[WHAT IS NEEDED] Reproduce the listing that follows character for character, excluding its pictures.
-- Opening Marker --
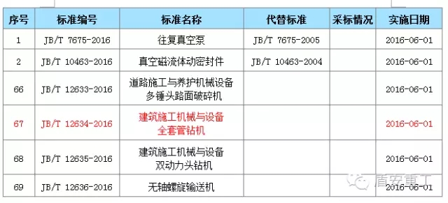 中华人民共和国工业和信息化部发布2016年(第3号)公告,批准发布JB/T 12634-2016《建筑施工机械与设备 全套管钻机》等643项行业标准,自2016年6月1日起正式实施,标志着全套管钻机的制造有了可以遵循的统一标准,有利于全套管钻机行业的规范化发展。
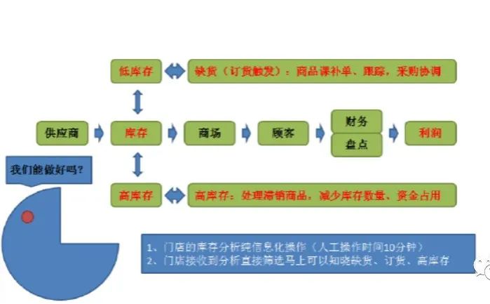 系统管理思想是将超市后台供应链看作一个整体,采购、订货、仓储、配送、信息处理、门店订货、门店验收等作业环节是整个供应链中相互影响相互作用的因素,优化它们的相互关系和运行规则,达到供应链的高效运行。
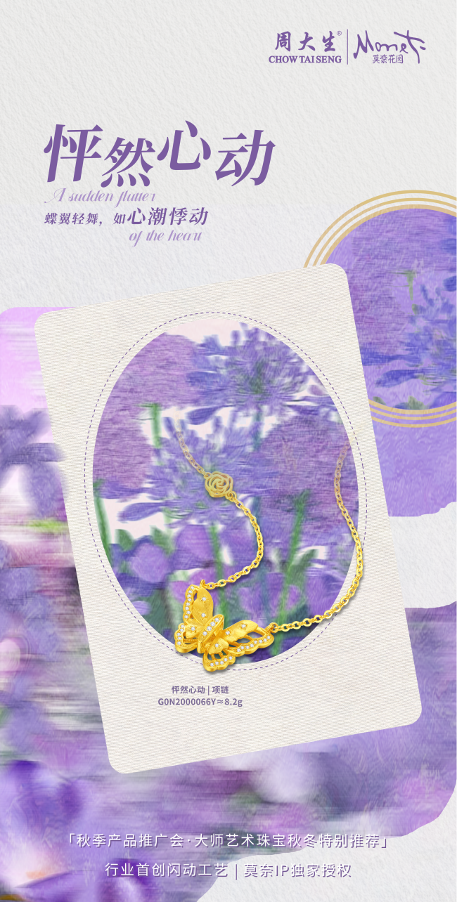 周大生大师艺术珠宝·莫奈系列“怦然心动”,设计灵感源自吉维尼花园中轻盈飞舞的蝴蝶。那微微颤动的蝶翼,仿佛初见时悸动的心跳,轻轻叩击心底最柔软的角落。“怦然心动”不仅是一件珠宝,更是一段穿越时光的唯美爱情故事。蝴蝶,象征着自由与蜕变;而闪动工艺与荧光珐琅工艺的巧妙融合,则赋予了它灵动的生命力。佩戴“怦然心动”之时,蝶翼随步伐轻颤,让爱与浪漫在光影中翩翩起舞,永驻心间。
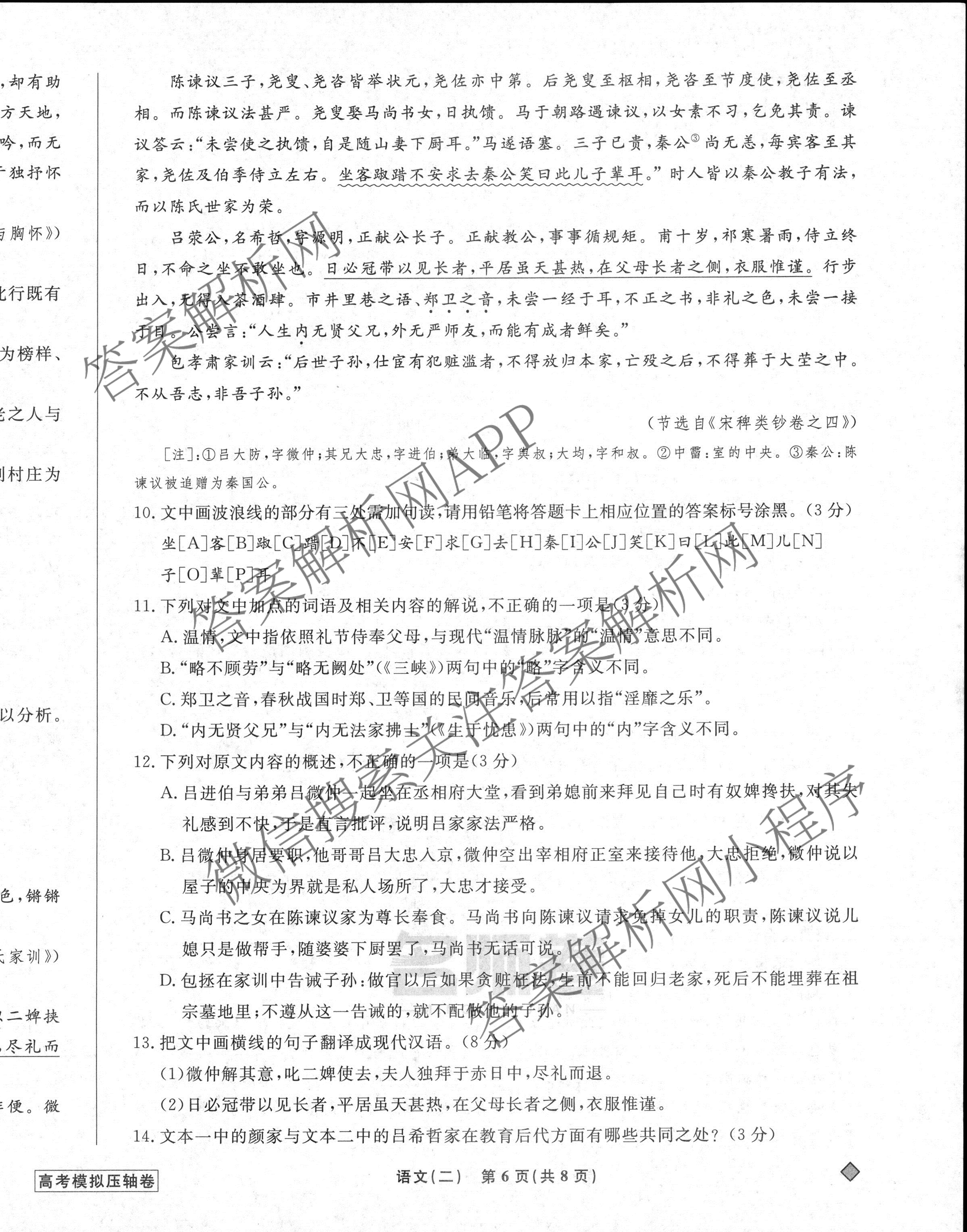 - [高三][衡水名师卷]·2022-2023高考模拟压轴卷 语文(老高考)(二)2答案
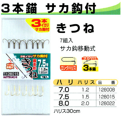 カツイチ 【アウトレット】3本錨 サカ鈎付 きつね【パッケージ傷・割れ】
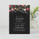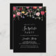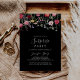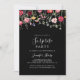 Este convite de festas de surpresa multicolorido de flores silvestres é perfeito para um aniversário moderno, aposentadoria ou qualquer festa surpresa. O design apresenta uma variedade multicolorido de flores silvestres cor-de-rosa, pinceladas, roxas, amarelas, brancas, violetas, vermelhas e burgundy em fundo preto.
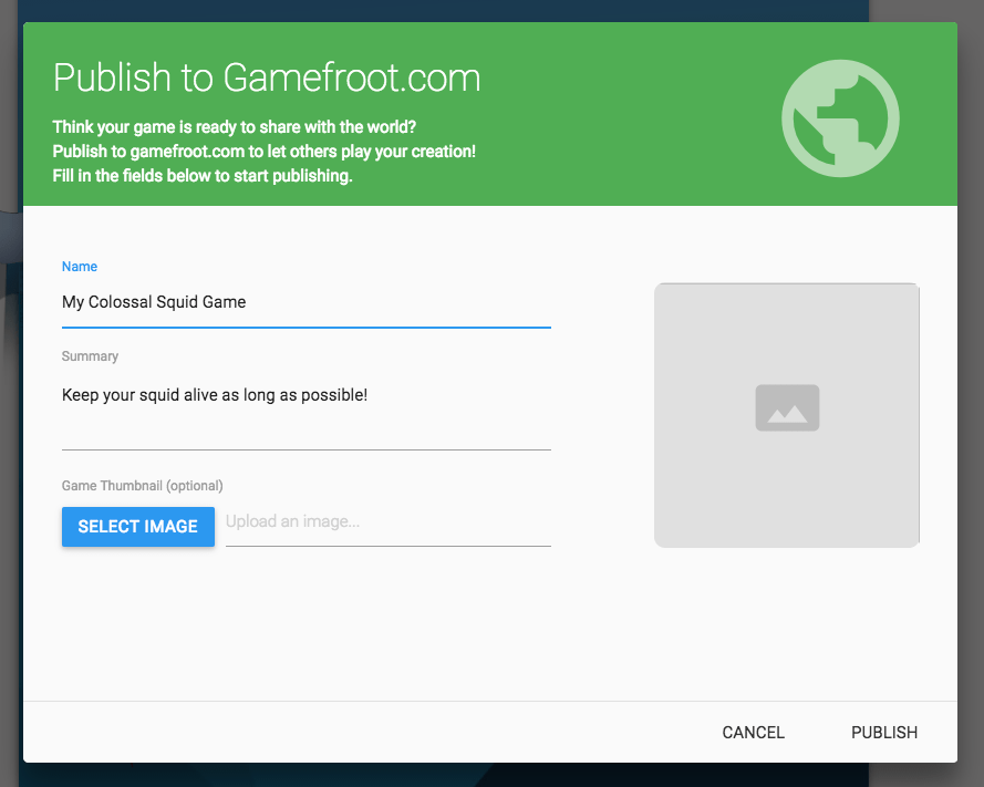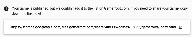 Then click PUBLISH in the bottom-right corner of this window. After the game has published, you will see a link appear for your game which looks like this:
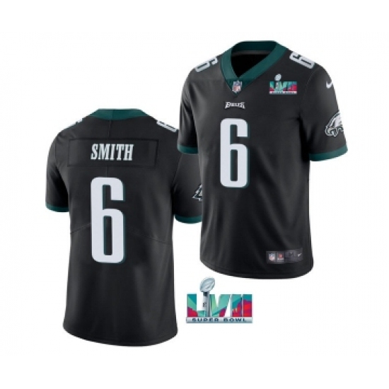 >Men's Philadelphia Eagles #6 DeVonta Smith Black Super Bowl LVII Patch Vapor Untouchable Limited Stitched Jersey
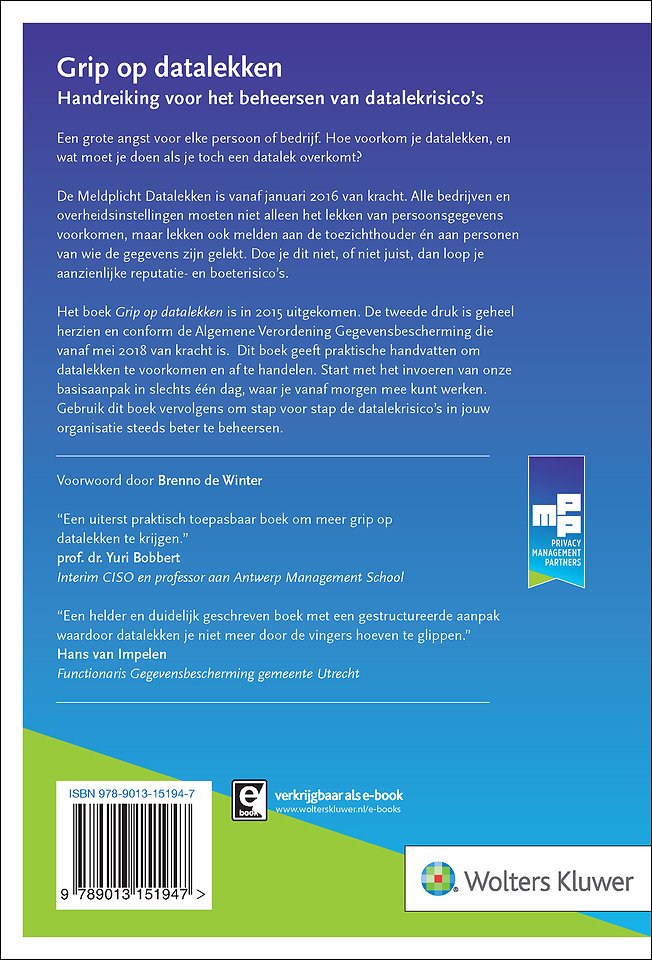 Een datalek kan grote gevolgen hebben voor u als persoon of voor uw bedrijf. Grip op datalekken helpt u om datalekken te voorkomen en, wanneer het noodlot toeslaat, het hoofd te bieden. Deze nieuwe druk is grondig herzien in het licht van de nieuwe Europese privacywet (de AVG) die vorig jaar in werking is getreden.
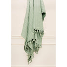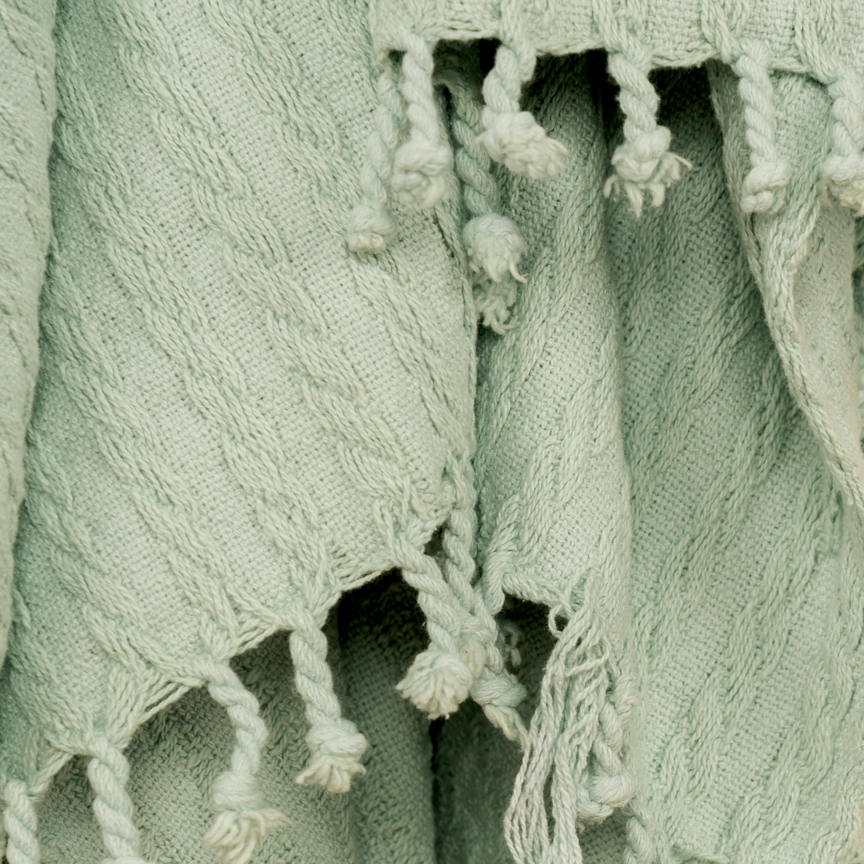This 50" x 60" cotton knitted throw from Rizzy Home makes a warm addition to any refined décor styles. This beautiful throw combines transitional and modern industrial styles with its cable knit pattern and solid design, making it an elegant and sophisticated choice for any elevated interior. Crafted with medium tightness knitted cable knit and medium texture, this throw boasts a heavy self-fringe, hand twisted and secured for durability. It is also made of medium-weight 100% cotton, providing both warmth and comfort, making it the perfect cozy accent to your favorite spot in the house. In a soft aqua color, this throw exudes subtle sophistication in a polished aesthetic. Great for snuggling up with a hot chocolate for movie night, this is sure to become your go-to snuggle blanket for chilly nights at home.
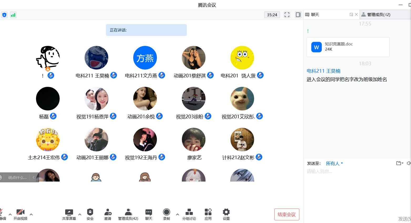 3月24日晚,起球手工社团在腾讯会议开展“手工知识竞赛”活动,本次活动由社团副社长冉莉涵主持,共42名社团成员参加。
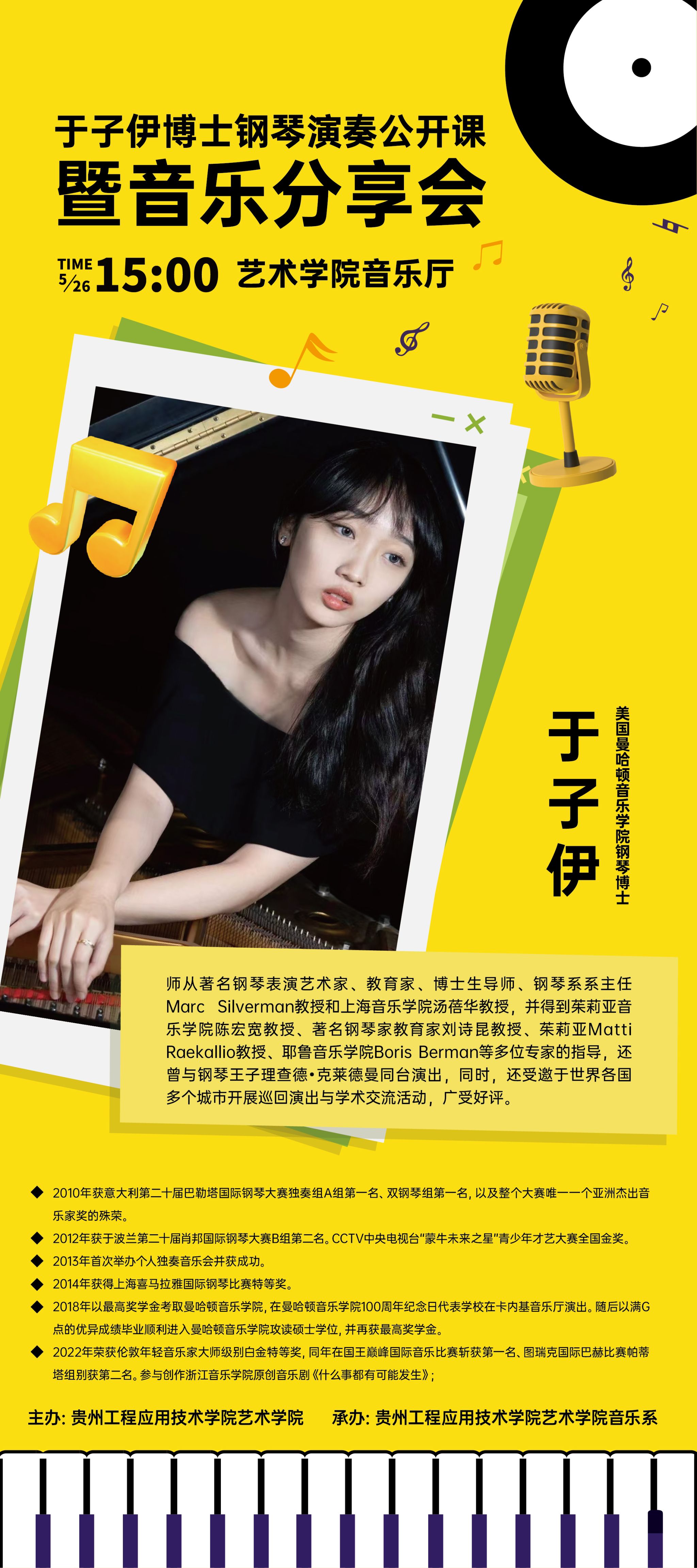 于子伊博士音乐分享会 时间5月26日下午15:00 地点:艺术学院音乐厅
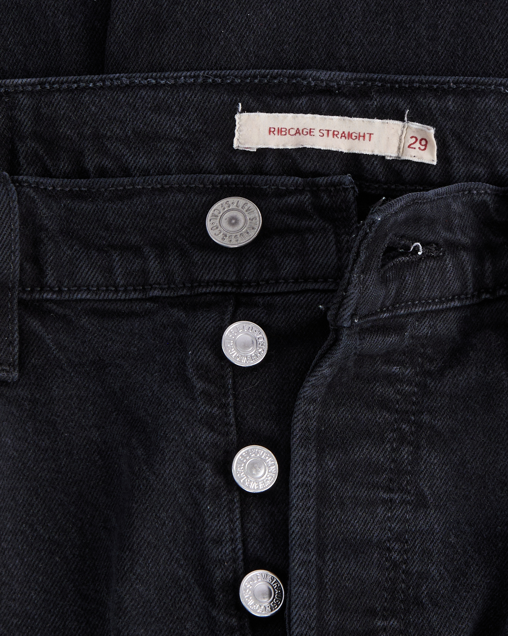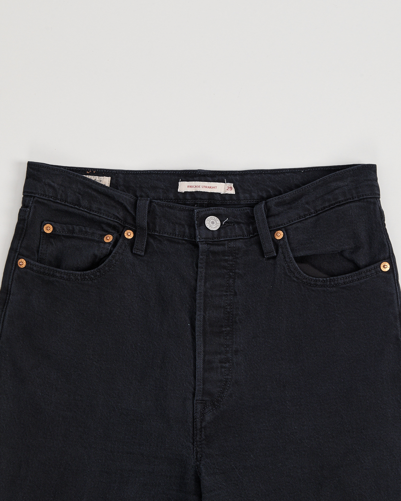 Джинсы Levi’s Ribcage Straight из плотного хлопкового денима. Высокая посадка, фирменная фурнитура, функциональные карманы по бокам.
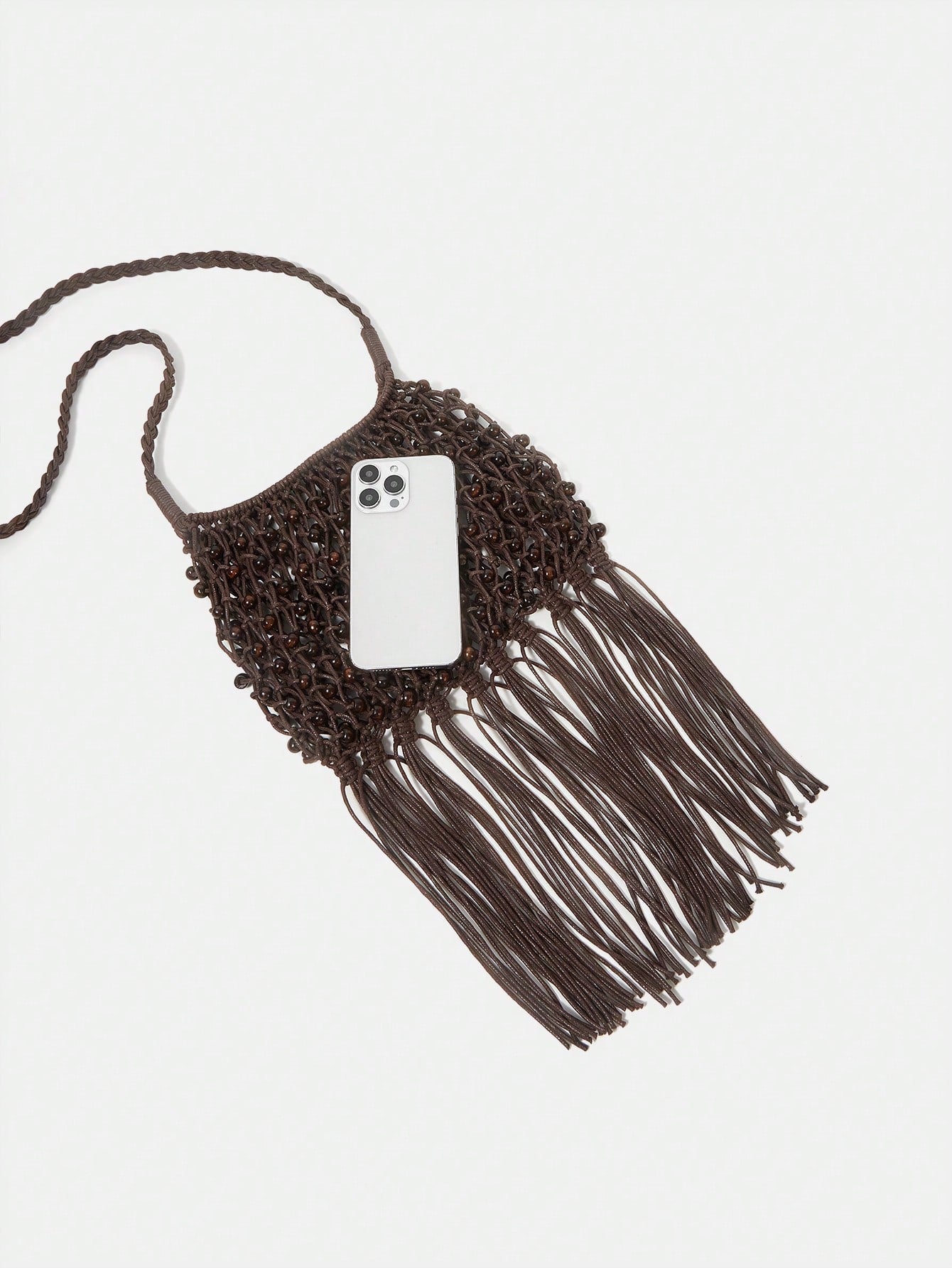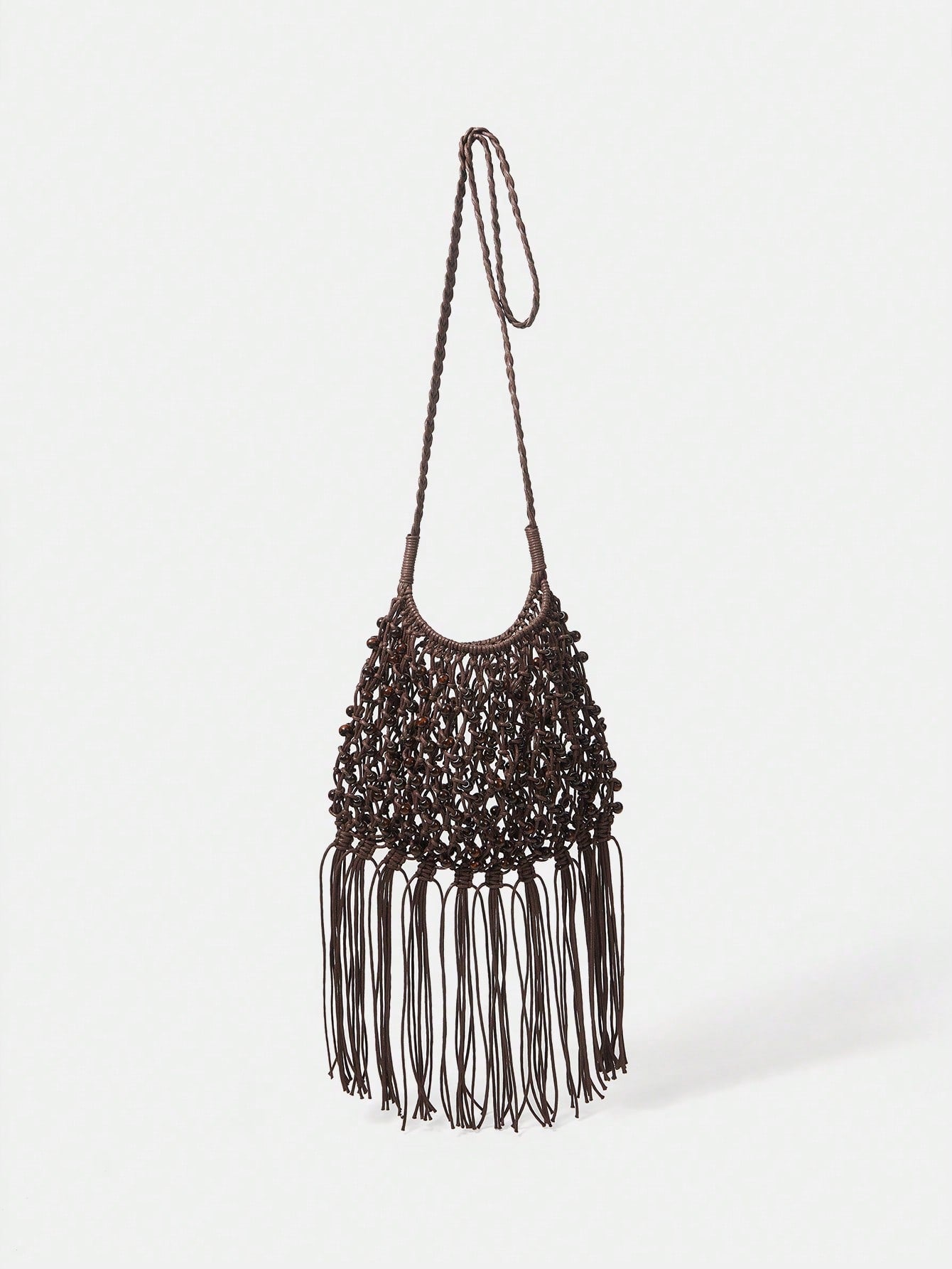 CM-BGS065171 Women Trendy Seoul Style Tassle Crochet Crossbody Bag - Coffee
-- Closing Marker --
[RESPONSE BOX]
 中华人民共和国工业和信息化部发布2016年(第3号)公告,批准发布JB/T 12634-2016《建筑施工机械与设备 全套管钻机》等643项行业标准,自2016年6月1日起正式实施,标志着全套管钻机的制造有了可以遵循的统一标准,有利于全套管钻机行业的规范化发展。
 系统管理思想是将超市后台供应链看作一个整体,采购、订货、仓储、配送、信息处理、门店订货、门店验收等作业环节是整个供应链中相互影响相互作用的因素,优化它们的相互关系和运行规则,达到供应链的高效运行。
 周大生大师艺术珠宝·莫奈系列“怦然心动”,设计灵感源自吉维尼花园中轻盈飞舞的蝴蝶。那微微颤动的蝶翼,仿佛初见时悸动的心跳,轻轻叩击心底最柔软的角落。“怦然心动”不仅是一件珠宝,更是一段穿越时光的唯美爱情故事。蝴蝶,象征着自由与蜕变;而闪动工艺与荧光珐琅工艺的巧妙融合,则赋予了它灵动的生命力。佩戴“怦然心动”之时,蝶翼随步伐轻颤,让爱与浪漫在光影中翩翩起舞,永驻心间。
 - [高三][衡水名师卷]·2022-2023高考模拟压轴卷 语文(老高考)(二)2答案
 カツイチ 【アウトレット】3本錨 サカ鈎付 きつね【パッケージ傷・割れ】
 Este convite de festas de surpresa multicolorido de flores silvestres é perfeito para um aniversário moderno, aposentadoria ou qualquer festa surpresa. O design apresenta uma variedade multicolorido de flores silvestres cor-de-rosa, pinceladas, roxas, amarelas, brancas, violetas, vermelhas e burgundy em fundo preto.
 Then click PUBLISH in the bottom-right corner of this window. After the game has published, you will see a link appear for your game which looks like this:
 >Men's Philadelphia Eagles #6 DeVonta Smith Black Super Bowl LVII Patch Vapor Untouchable Limited Stitched Jersey
 Een datalek kan grote gevolgen hebben voor u als persoon of voor uw bedrijf. Grip op datalekken helpt u om datalekken te voorkomen en, wanneer het noodlot toeslaat, het hoofd te bieden. Deze nieuwe druk is grondig herzien in het licht van de nieuwe Europese privacywet (de AVG) die vorig jaar in werking is getreden.
This 50" x 60" cotton knitted throw from Rizzy Home makes a warm addition to any refined décor styles. This beautiful throw combines transitional and modern industrial styles with its cable knit pattern and solid design, making it an elegant and sophisticated choice for any elevated interior. Crafted with medium tightness knitted cable knit and medium texture, this throw boasts a heavy self-fringe, hand twisted and secured for durability. It is also made of medium-weight 100% cotton, providing both warmth and comfort, making it the perfect cozy accent to your favorite spot in the house. In a soft aqua color, this throw exudes subtle sophistication in a polished aesthetic. Great for snuggling up with a hot chocolate for movie night, this is sure to become your go-to snuggle blanket for chilly nights at home.
 3月24日晚,起球手工社团在腾讯会议开展“手工知识竞赛”活动,本次活动由社团副社长冉莉涵主持,共42名社团成员参加。
 于子伊博士音乐分享会 时间5月26日下午15:00 地点:艺术学院音乐厅
 Джинсы Levi’s Ribcage Straight из плотного хлопкового денима. Высокая посадка, фирменная фурнитура, функциональные карманы по бокам.
 CM-BGS065171 Women Trendy Seoul Style Tassle Crochet Crossbody Bag - Coffee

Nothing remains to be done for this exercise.